André Huguenet (1906 – 1961) was the stage name of the actor Gert Borstlap. Huguenet was a pioneer in Afrikaans acting. Some of the well-known Afrikaans actors who worked with Huguenet were Wena Naudé, Lydia Lindeque, Siegfried Mynhardt, Hendrik Hanekom, Mathilda Hanekom, Anna Neethling-Pohl, Emgee Pretorius and Hermien Dommisse.

Huguenet was born Gerhardus Petrus Borstlap in Bloemfontein on 22 October 1906. He grew up there and matriculated at Grey College in 1925, after which he worked as a journalist in Bloemfontein and Pretoria. He soon left the newspaper world for the stage and joined Paul de Groot's theatre company in 1926. He would tour with De Groot's company for six years, after which he founded his own theatre company.
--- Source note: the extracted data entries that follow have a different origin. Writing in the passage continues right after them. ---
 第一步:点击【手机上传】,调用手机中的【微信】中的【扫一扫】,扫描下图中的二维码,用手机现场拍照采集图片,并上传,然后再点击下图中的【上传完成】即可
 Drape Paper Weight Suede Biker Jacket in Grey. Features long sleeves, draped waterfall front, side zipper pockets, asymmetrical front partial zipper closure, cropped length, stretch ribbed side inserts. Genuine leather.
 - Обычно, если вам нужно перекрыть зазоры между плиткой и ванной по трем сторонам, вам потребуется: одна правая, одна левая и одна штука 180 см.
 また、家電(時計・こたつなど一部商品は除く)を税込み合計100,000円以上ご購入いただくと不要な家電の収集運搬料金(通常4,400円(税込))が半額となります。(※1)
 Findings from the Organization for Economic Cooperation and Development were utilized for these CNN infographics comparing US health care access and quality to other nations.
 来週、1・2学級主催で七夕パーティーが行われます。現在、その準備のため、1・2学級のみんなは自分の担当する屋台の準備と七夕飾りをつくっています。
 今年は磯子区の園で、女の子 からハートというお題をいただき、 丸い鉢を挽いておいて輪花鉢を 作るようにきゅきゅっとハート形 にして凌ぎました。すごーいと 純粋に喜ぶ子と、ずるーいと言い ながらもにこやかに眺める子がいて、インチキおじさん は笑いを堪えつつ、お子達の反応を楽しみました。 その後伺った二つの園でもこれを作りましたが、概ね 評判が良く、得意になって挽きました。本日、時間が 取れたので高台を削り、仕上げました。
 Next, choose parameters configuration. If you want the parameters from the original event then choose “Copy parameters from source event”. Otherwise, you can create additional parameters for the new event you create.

He is best remembered for his roles in Oedipus Rex (with Athol Fugard and directed by Taubie Kushlick), Tartuffe and Ipekonders, Poppehuis, Ghosts, Minnaar onder die wapen and various Shakespeare plays such as Hamlet, Macbeth and King Lear. Huguenet performed Hamlet in Afrikaans in Johannesburg and Pretoria in 1947 to celebrate his 21st jubilee. At the end of the performance, he addressed the audience and said that it had been his lifelong ambition to perform one of the world's best tragedies in the world's youngest language. The play, written in 1945, was first performed by Huguenet and is seen as a milestone in the history of the Afrikaans theatre world. In 1948, Huguenet, together with Anna Neethling-Pohl, received an Honorary Medal for Theatre Arts from the South African Academy of Science and Arts. King Lear is a translation by Uys Krige commissioned by the then Kruikbestuur, for which he received the SA Academy's prize for translated work in 1971.
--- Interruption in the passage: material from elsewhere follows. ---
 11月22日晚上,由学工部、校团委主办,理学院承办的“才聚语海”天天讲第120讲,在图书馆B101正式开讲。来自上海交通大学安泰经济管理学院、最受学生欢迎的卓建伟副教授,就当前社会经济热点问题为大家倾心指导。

In 1948 Huguenet entered the service of the National Theatre Organisation and two years later his autobiography, Applous! die kronieke van ’n dramateller, was published, about his 25 years of Afrikaans acting. In 1953 he was a guest of honour of the British Council at the Festival of Britain in London.

Huguenet was known for his temper: one of the anecdotes about him is that one night, when a baby was screaming incessantly, he interrupted the performance, came forward, and defiantly ordered: "Madam, will you please remove your screaming scrap from the hall."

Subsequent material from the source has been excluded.